Didn’t quite think it all through.  At least, not until those last few minutes before I was to start.  I was too blinded by the thought of seeing the sun rise on the top of a Munro.  Bucket List item no 33 – check.

Jo had arranged everything.  She had booked a hostel right across from T1 we could use as basecamp and we were heading up the day before.  Oh did I mention?  For me to start running at 4am Jo would be starting her swim at midnight.  Yes that’s right.  Midnight.

What the actual f……

Honestly though, how can that NOT excite you?   Even just a little bit!  Naturally nerves were high.  This was Jo’s first race of that distance, first OW race I believe and first swim in the middle of the night.  You can almost understand why she went to put her wet suit on at 9pm with nerves like that.  To calm herself down she decided to post on facebook a photo of all the snacks we had ALL brought and claim they were just mine for the run.  I’m still astounded that everyone in the club believed her!

There was talk of closing one or possibly even both if the summits on the run due to the high winds.  Did I forget that bit as well?  Oh yeah.  You didn’t just start the run with a climb up a Munro.  You finished it with a climb up a Corbett.

Someone with a very unique imagination had designed this course.
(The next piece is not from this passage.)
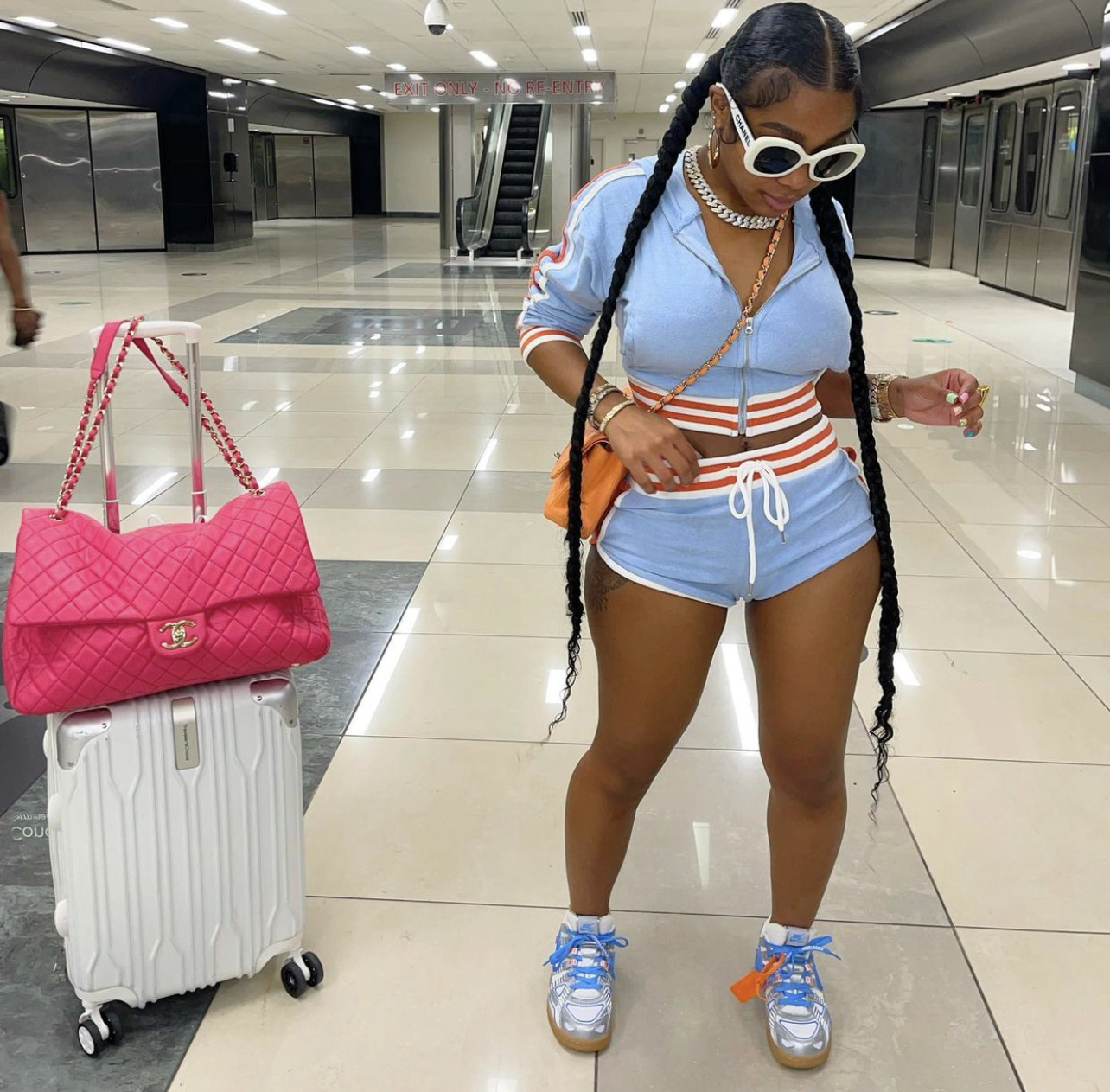 Jayda Cheaves was spotted catching flights and giving us some style inspiration when it comes to airport looks. She kept it cozy in a blue Fashion Nova terrycloth set that she paired with designer accessories. Let’s get into her look:

I prayed to the run gods I would get to run up them both.  There were cut offs for both ascents and I had been over and over them.  I would be deeply disappointed if I didn’t get to do both of them.  It wouldn’t feel like I had completed the run.  (This was obviously before reality hit me of what this run was really asking.)

 

At the beach for the race brief and there are just under 80 people in wetsuits, donning glowsticks from their heads like antennas, awaiting the start of the swim.  It’s a very relaxed event and they advertise it as ‘not a race, an experience’.  This meant that not every swimmer had to complete the 4 laps of the swim.  If they wanted to get out after 2 or 3, they could.  A strange concept when you are used to ‘this is the finish line, this is the distance’ but a relaxing one.  I think it helped with some peoples nerves.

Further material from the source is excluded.